Signs of AI-Generated Malware
Researchers discovered multiple indicators suggesting AI-assisted development:
- Metadata referencing AI-integrated code editors
- Unicode emojis embedded in binary strings
- Frequent logical mistakes in code
In several cases, malware components contained syntactically correct but incomplete logic, including one credential stealer that lacked the C2 address required to send stolen data.
These flaws reinforce the idea that vibeware prioritizes speed of development over code quality.
Strategic Implications
The emergence of vibeware represents a shift in cyber conflict dynamics.
Historically, sophisticated malware required highly skilled developers and long development cycles. AI now allows attackers to rapidly prototype and deploy malware variants, dramatically lowering the barrier to entry.
The real threat is not technical brilliance—it is scale.
Even poorly written malware can succeed if enough variants are deployed.
Defensive Recommendations
Organizations facing vibeware-style campaigns should focus on:
1. Behavioral Detection
Signature-based detection is ineffective against rapidly mutating malware.
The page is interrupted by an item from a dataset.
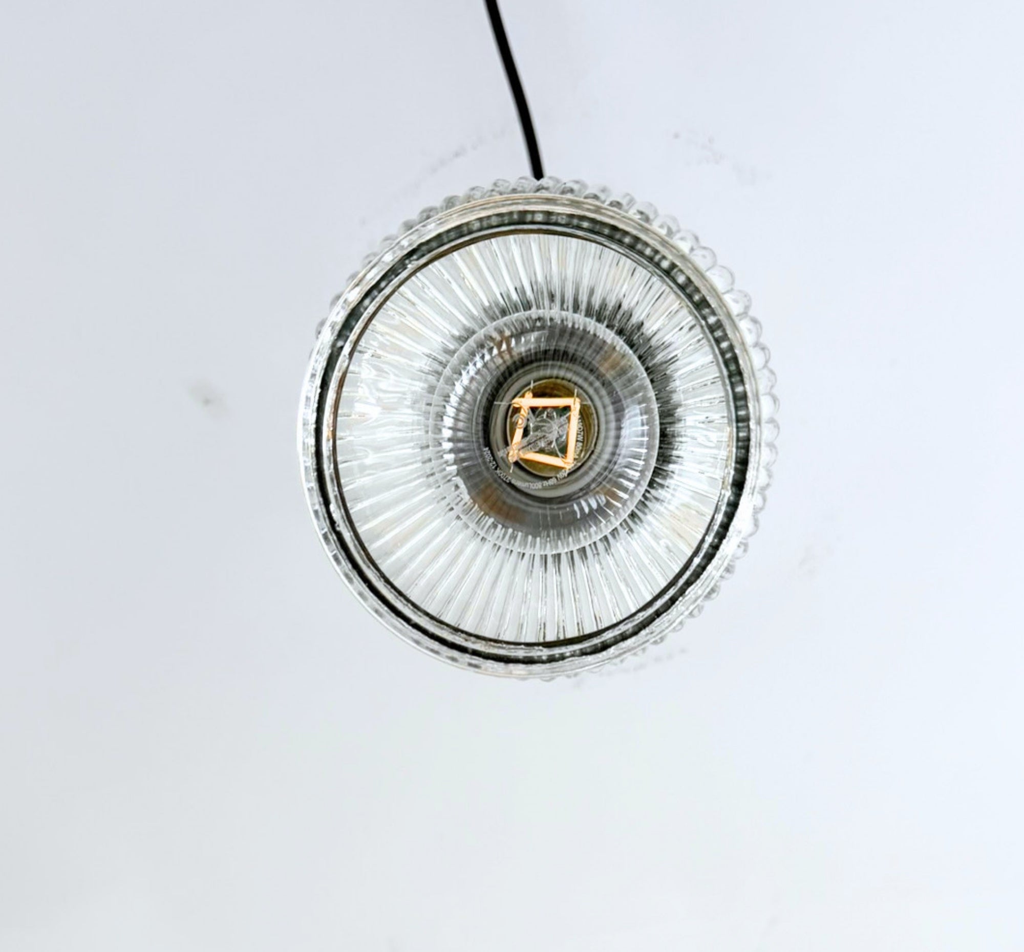 The holophane glass refracts light for a bright, evenly distributed glow, making it both highly functional and visually striking. Its clean silhouette paired with a classic metal fitter allows it to blend seamlessly into industrial, farmhouse, vintage, and traditional interiors.
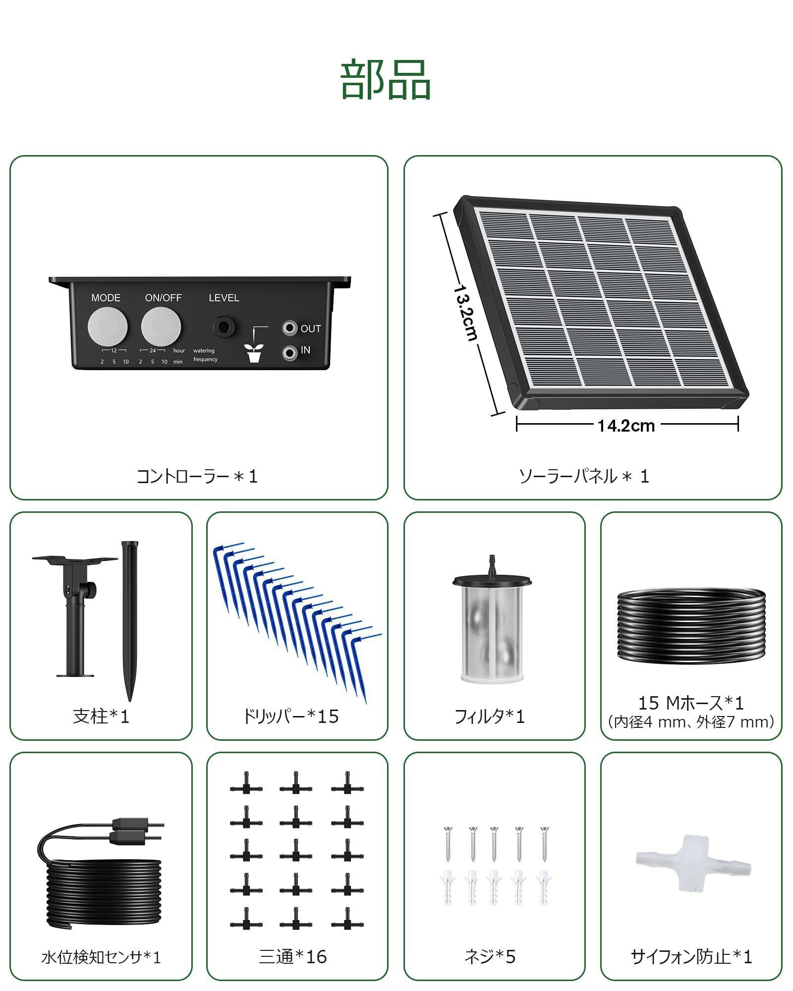 【新春セール】NFESOLAR ソーラー自動水やりシステム 15鉢対応 充電式バッテリー内蔵 6モード設定 日本語説明書付き 15mホース付属 自動散水器 ビオトープ 盆栽 ガーデニング 旅行留守対応 | allstore3

2. Monitoring Trusted Services
Security teams should inspect abnormal activity involving platforms like:
- Slack
- Discord
- Google Sheets
3. Endpoint Telemetry
Monitoring unusual scripting activity, especially PowerShell execution, is critical.
4. Multi-layered Security
Combining endpoint detection, network monitoring, and threat intelligence is essential.
Conclusion
APT36’s vibeware campaign highlights a fundamental change in cyber threat development.
Rather than relying on sophisticated malware engineering, attackers are now embracing AI-assisted industrialization—producing massive volumes of experimental implants in the hope that a few will evade defenses.
The result is a future where defenders must be prepared not just for smarter malware, but for much more of it.